Saturday stuff
*Snow in Braintree on Oct. 29. And people ask how I can put up with the clouds in Seattle.
*OK, someone is going to have to explain to me why, exactly, Theo Epstein has earned anything less than Brian Cashman money. Last I checked, he was the first general manager in the century-plus history of the Boston Red Sox to take the team to the playoffs three years in a row, and, well, there's the little manner of WINNING THE WORLD SERIES on his resume. He hasn't been perfect, of course -- I still want to bang my head off the wall when I think about the Sox letting Orlando Cabrera go and replacing him with Edgar Renteria -- but for each move like that there's been about a half-dozen masterstrokes like plucking David Ortiz off the scrap heap. The Red Sox are obsessed with competing with the Yankees in everything from on-the-field competition to television revenue. The Yanks, for the most part, treat their employees right monetarily. They certainly don't start off by leaking insulting opening offers into the press. If the Sox are serious about being the second superpower over the long haul in the game, they should stop acting like the Kansas City Royals when it comes to taking care of their own.

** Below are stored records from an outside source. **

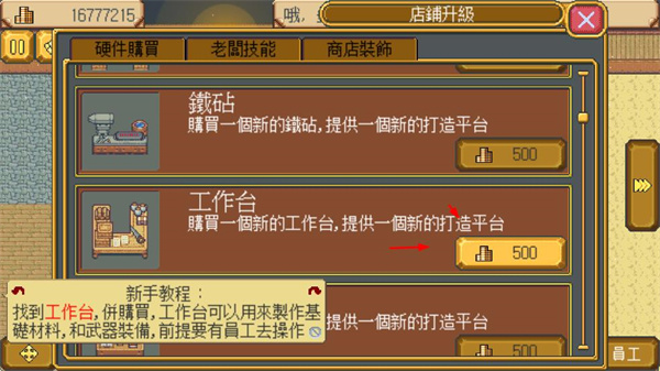 1、在店鋪升級界面,購買硬件設(shè)施,為打造裝備和道具提供平臺,這是經(jīng)營店鋪的基礎(chǔ)操作。
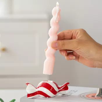 Nordic Striped Candy Ceramic Candlestick Holder – Long Pole Decor
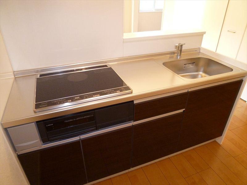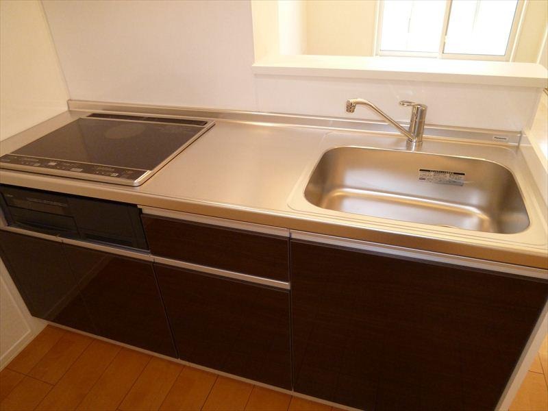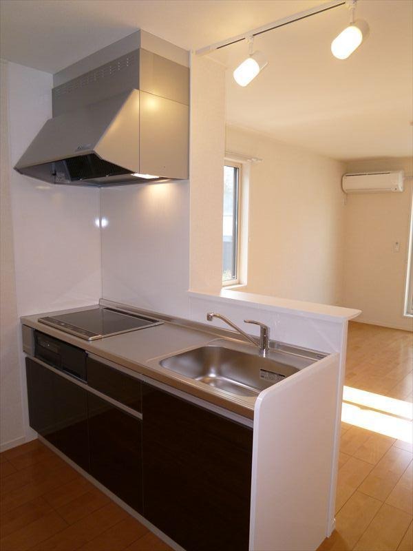 1Hのシステムキッチンです。駐車場は縦列になります。

*Sat up in section 328 for the Bruins-Toronto game on Thursday. Good times. It was nice to see, about a dozen games into the season, that the Bruins finally got the memo that the rules have changed and they no longer need to play dump-and-chase on offense.
I don't know about the rest of you, but attending Bruins game for the past decade or so has been a perversely entertaining pastime, an experience unlike following any other team in the area, where I'll attend with friends, sit in the upper deck, and we'll basically act like those two old guys in the Muppets who sit up in the balcony mock the show and just make fun of the Bruins and their cheapness, then act presently surprised if they win. Typical line came from my friend Greg after Bill Guerin left town. That was the year they added the message board that runs the perimeter of the base of the balcony: "I bet the Bruins decided, 'we can sign Guerin, or we can get one of those color scoreboards that go all the way around the building!'" That sort of thing.

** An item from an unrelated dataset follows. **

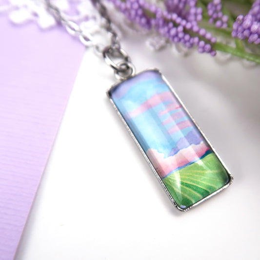 Pastel Cornfields Miniature Watercolor Sky Necklace

Anyway, the Bruins didn't give us much of a chance for such snark Thursday, and goalie Hannu Toivonen was a pleasant surprise, but I still don't see anything in this team that would indicate they're going to be anything better than the first-round stinkers that have marked the Joe Thornton captaincy.
*Not much to say about the World Series other than, obviously, the best team in baseball from wire-to-wire won. I'd hate to be in Cubs management this winter. Incidentally, that game in which Josh Beckett beat the Yankees in New York remains the last time a National League team won a World Series game. For some reason, that seems a whole lot longer than two years ago.